Later, Shari's parents arrange a bridegroom for her which saddens Sarath which leads to comical situations. It ends up with the three of them being caught by the police, though released later. Varkey is again scolded by the drunken man, and Sarath asks him why he is scolded. Varkey reveals that the drunken man was the one who liked Varkey's daughter a lot, and wanted to marry her. But Varkey objected, due to the guy being from a different religion. He also marries the girl off to a suitable family. But the girl got killed few days later, thus saddening both Varkey and the man.

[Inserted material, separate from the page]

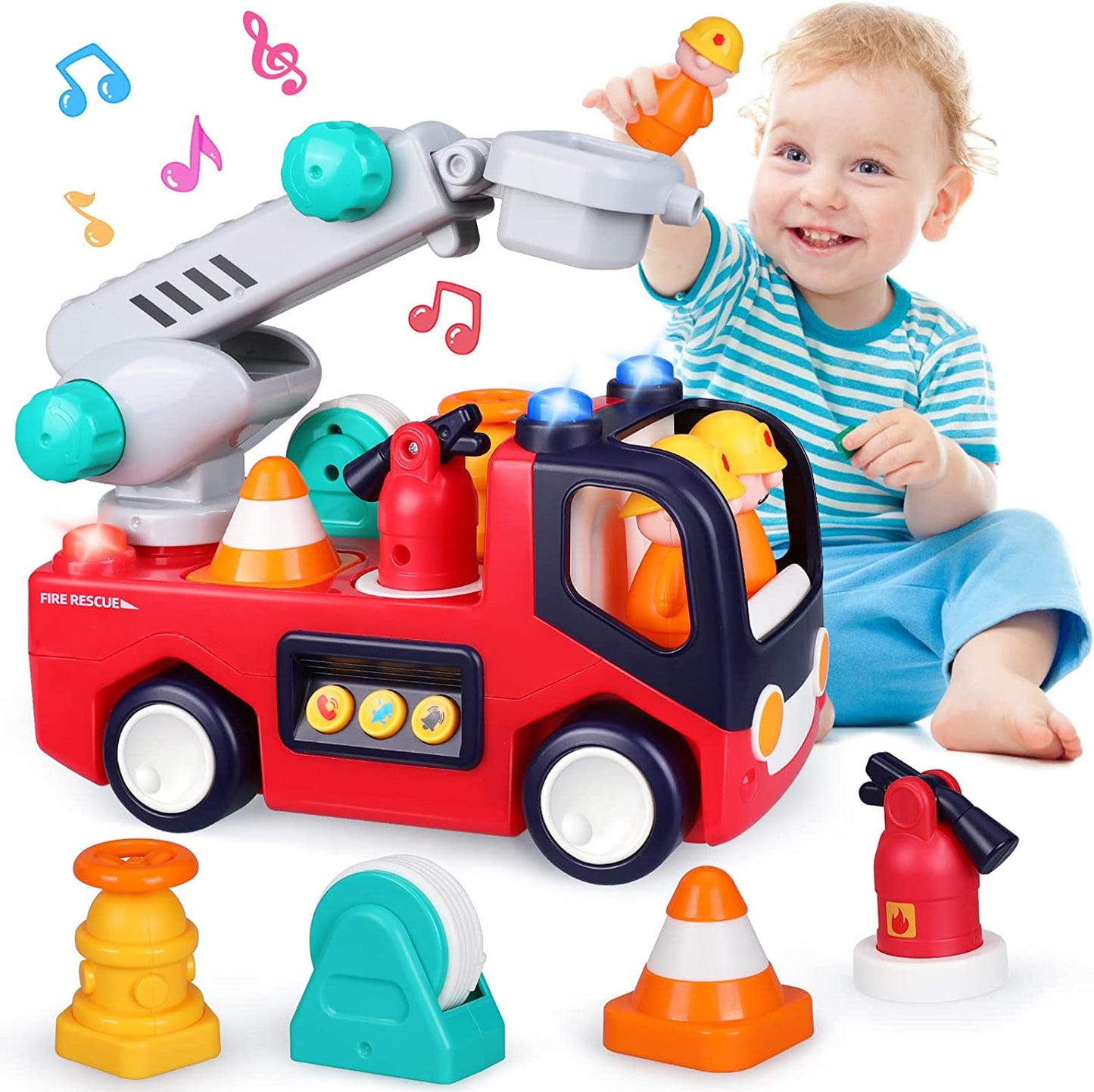 It comes with equipment: a fire extinguisher, a warning cone, a tap and a fire hose. Each toy is removable. This toy provides lots of fun that will keep your child interested and entertained.
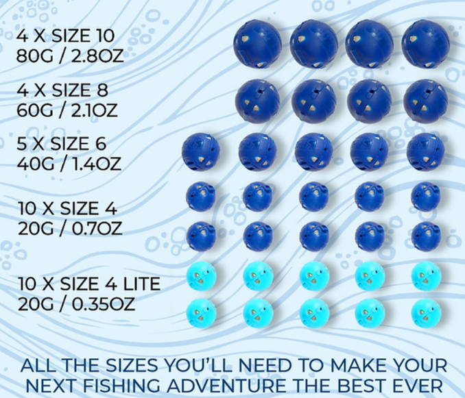 Klik Sinkers COME IN FIVE SIZES and can be used on the Boat, off the Beach, for Rock Fishing, estuary fishing and are great for the Kayak or Jet Ski. They can be used to DYNAMICALLY CONTROL THE DEPTH of your dead bait, live baits, trolling lures - even take your soft plastics deeper - not deep enough, just clip on another Klik Sinker and explore the next level down. You never know where a fish will strike or why so adjusting depth at will will certainly IMPROVE YOUR STRIKE RATE!

Hearing the story and also witnessing Shari accompanying her would-be home, Sarath is disheartened and attempts suicide by standing on a railway track. But he is stopped by his parents, and he discloses about his love to them for the first time. Prabhakaran says that they would have arranged for it had he told about it earlier. Now that it is too late, Sarath is advised by his father to forget everything. While at Shari's home on the day before the marriage, he unintentionally goes to Shari's room, where he sees objects from their childhood which she preserved. Upon meeting her, she confesses to him that she liked him a lot since childhood, but didn't talk about it as he apparently showed no interest. Now that both of them had confessed their liking for each other, Shari says its too late for both of them. She says it was Sarath's father who disapproved their marriage. Sarath meets Sahadevan, who makes it clear that he wasn't interested in their relationship right from their childhood, so he was the one who lied to her.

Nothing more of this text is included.